– А если у них не найдется к нам жалости, – злобно сказал подошедший Валерий, – то я отмщу за друга, если бы даже пришлось для этого идти против целого Рима. Долго мы терпели тиранство! Если погибнет Эмилий, я найду себе помощников не только в Риме, но и в других местах и справлю кровавую тризну.
– Валерий, – обратилась к нему Фульвия, – если б ты знал, как мне дорог Эмилий! Я буду твоею самой усердной помощницей, если поручишь что-нибудь.
– Ты его любишь, я это заметил давно.
– Люблю ли?! Ах!.. Его смерть – моя смерть. Пустите! Я пойду к тетке и на коленях вымолю ему прощение.
– Фульвия, стой! – возразил Луций, схватив сестру за платье. – Не раздражай злодейку.
Пока они так перешептывались, Туллия говорила своей жертве:
– Зачем ты, дерзкий, нарушил мой строгий запрет? Это насмешка? Ты знал, какая участь ждет за это?
Эмилий не оправдывался – это было бесполезно. Зная, что для него все кончено, он смело сказал в ответ:
– Час гибели мне не страшен. Я к этому готов давно. Мне жизнь опротивела в несносном рабстве. Злодейка, все, что было мило и дорого мне, ты отняла у меня. Твое тиранство вынудило Ютурну бежать, я уверен, навстречу гибели, лишь бы не изнывать в твоих когтях. А где отец мой? Он погиб медленной смертью мучительной казни, положенный под камни в Ферентинский источник. Где моя мать? Умерла с горя в изгнании у самнитов. А братья легли под секиру. После бегства сестры я хотел покончить с моей ужасной жизнью, но остался влачить это несносное существование, потому что еще было подле меня добродетельное существо, которое я любил, кому надеялся стать когда-нибудь полезным, – Арета.
– Молчать! – вскричала Туллия. – Ты осмелился любить ее больше, чем дозволено другу детства. Ты в этом уличен! В первый раз я видела ваши нежные взгляды в то время, когда был получен ответ дельфийского оракула. Я не могла казнить тебя тогда вопреки его запрету, но потом ты был явно уличен в беседке на тайном свидании с моей падчерицей. Я не могла казнить тебя и за это, потому что Тарквиний дал ей честное слово отца оставить тебе жизнь под условием ее покорности при выходе замуж. – Туллия дико захохотала. – Теперь власти оракула над тобой больше нет, а Тарквиний пьян, как Силен на Мидасовом пиру. Он не проснется ни от каких твоих воплей, он не успеет спасти тебя, потому что сию минуту ты испустишь дух.

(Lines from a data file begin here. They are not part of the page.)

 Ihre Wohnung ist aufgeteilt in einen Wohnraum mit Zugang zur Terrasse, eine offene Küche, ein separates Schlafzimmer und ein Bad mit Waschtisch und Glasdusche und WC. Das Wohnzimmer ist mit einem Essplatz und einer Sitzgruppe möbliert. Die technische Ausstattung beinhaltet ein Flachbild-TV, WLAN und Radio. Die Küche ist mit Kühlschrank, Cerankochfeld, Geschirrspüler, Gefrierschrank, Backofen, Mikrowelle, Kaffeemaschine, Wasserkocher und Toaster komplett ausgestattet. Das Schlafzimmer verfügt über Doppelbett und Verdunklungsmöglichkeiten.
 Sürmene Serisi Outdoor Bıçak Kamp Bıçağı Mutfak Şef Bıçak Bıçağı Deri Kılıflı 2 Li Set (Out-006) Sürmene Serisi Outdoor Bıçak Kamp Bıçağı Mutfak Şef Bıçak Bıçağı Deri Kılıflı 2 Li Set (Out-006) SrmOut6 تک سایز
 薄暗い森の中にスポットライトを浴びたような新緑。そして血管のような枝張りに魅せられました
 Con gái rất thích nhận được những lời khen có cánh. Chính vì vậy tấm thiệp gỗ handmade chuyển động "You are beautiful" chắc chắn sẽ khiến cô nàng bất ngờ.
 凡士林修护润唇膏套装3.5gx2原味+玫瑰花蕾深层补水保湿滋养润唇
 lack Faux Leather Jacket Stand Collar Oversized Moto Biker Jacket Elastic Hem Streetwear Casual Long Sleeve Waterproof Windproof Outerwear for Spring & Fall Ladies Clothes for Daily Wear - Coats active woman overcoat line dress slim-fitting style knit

Она обратилась к воинам – аблектам охраны из наемных этрусков.
– Убейте его!..
Брут заслонил собой юношу от подбежавших к нему с обнаженными мечами исполнителей воли тиранки, и льстиво возразил:
– Грозная Немезида, зачем ты так добра к этому злодею? Сын врага твоего, Турна Гердония, просит себе смерти, а ты исполняешь его желание? Вот если бы я был на твоем месте…
– То как ты поступил бы тогда? – спросила Туллия с жадностью.

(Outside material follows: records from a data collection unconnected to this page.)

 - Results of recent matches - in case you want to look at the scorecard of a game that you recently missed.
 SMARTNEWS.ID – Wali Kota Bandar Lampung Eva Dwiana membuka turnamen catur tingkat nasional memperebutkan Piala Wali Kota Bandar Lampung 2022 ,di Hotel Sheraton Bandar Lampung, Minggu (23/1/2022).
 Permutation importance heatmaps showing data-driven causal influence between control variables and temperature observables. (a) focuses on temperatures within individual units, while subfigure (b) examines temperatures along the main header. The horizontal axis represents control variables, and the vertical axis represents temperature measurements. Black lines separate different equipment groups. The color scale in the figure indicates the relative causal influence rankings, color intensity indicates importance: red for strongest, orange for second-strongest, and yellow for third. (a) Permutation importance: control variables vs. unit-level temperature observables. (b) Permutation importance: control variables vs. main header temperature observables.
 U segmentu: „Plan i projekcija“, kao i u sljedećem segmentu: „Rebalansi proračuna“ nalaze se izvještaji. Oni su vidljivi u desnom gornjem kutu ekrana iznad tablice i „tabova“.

– Убить его! Такая расправа слишком быстра. Я бы его помучил подольше, я бы такого злодея-насмешника засадил в тюремный подвал Туллианы, давал бы ему целый месяц по куску хлеба дней через шесть-семь… Тогда он узнал бы, как ценить твою честь.

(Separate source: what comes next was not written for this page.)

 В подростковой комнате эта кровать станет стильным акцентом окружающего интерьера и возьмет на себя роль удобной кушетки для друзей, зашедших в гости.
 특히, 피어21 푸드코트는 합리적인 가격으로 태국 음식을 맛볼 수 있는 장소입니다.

Туллия обрадовалась этой идее.
– Глупый Пес, ты иногда умнеешь и даешь полезные советы. Отлично!.. Да!.. Сын Турна пусть умрет медленной смертью. Поручаю его тебе! Иди с ним, привяжи его к дереву в лесу и стереги, а поутру увези его в Туллиану – в то отделение, что я недавно пристроила к ней.
Брут стал красноречиво описывать самые ужасные мучения, каким он подвергнет осужденного в мрачном безоконном подвале.
Слушая это, Фульвия радостно воскликнула:
– Сестрица!.. Друзья!.. Отсрочка казни!..
– Не кричи! – остановил ее Валерий. – Я хорошо знаю Юния Брута, он не станет мучить Эмилия, а пока наш друг томится, я успею найти средство для его освобождения.
Упрашивания Брута не остались без успеха – перспектива мук, ожидающих Эмилия, удовлетворила фантазию кровожадной женщины.
– Возьми его, Юний, – сказала Туллия, – и терзай как хочешь.
Брут со злорадным хохотом обратился к осужденному:
– Пойдем, смельчак, освежимся ночной прохладой в лесу! Славно мы там с похмелья выспимся, а если Морфей к нам не пожалует, сочтем все звезды от безделья. На рассвете Говорящий Пес упрячет тебя в конуру.
– Счастливец этот дедушка Юний! – заметил Секст. – Он может совсем не хмелеть, сколько бы ни пил вина, причем самого крепкого. Хотелось бы мне иметь такую натуру! Пил-пил, дремал, качался, нес дичь, бормотал без склада и лада, а теперь совсем бравый человек – весь хмель его пропал моментально, лишь только это ему понадобилось.
Многие удивлялись, но Валерий саркастически шепнул Луцию:
– Еще бы Бруту не протрезвиться! Я видел, как он вино выливал украдкой под стол.
В эту минуту поднялся с ложа Тарквиний, полусонный, пьяный, едва ли в силах понять, что такое случилось и разозлило его жену, а если бы он и понял, то не обратил бы внимания, потому что в последнее время все казни и другие виды расправы с нелюбимыми особами вполне предоставил на ее полную волю.
– Прощайте! – проговорил он, заплетаясь и языком и ногами. – Уж близится полночь… Спокойной вам желаю ночи, друзья мои! Ступайте на отдых! С зарей на охоту отправимся, быть может, завтра она будет у нас удачнее нынешней.
Он ушел, поддерживаемый рабами.
– Валерий, – шепнула Лукреция, – мой отец давно послан Тарквинием в Кумский грот за сивиллой. Он должен в эту ночь, по моим предположениям, привезти сюда волшебницу. Зачем она нужна Тарквинию, я не знаю. Вот мой перстень, он не дешев, возьми и подари его сивилле. Может быть, она даст тебе совет для спасения друга. Поезжай сейчас по Римской дороге. Если встретишь сивиллу, то вдали отсюда ты успеешь переговорить с нею удобнее, чем здесь.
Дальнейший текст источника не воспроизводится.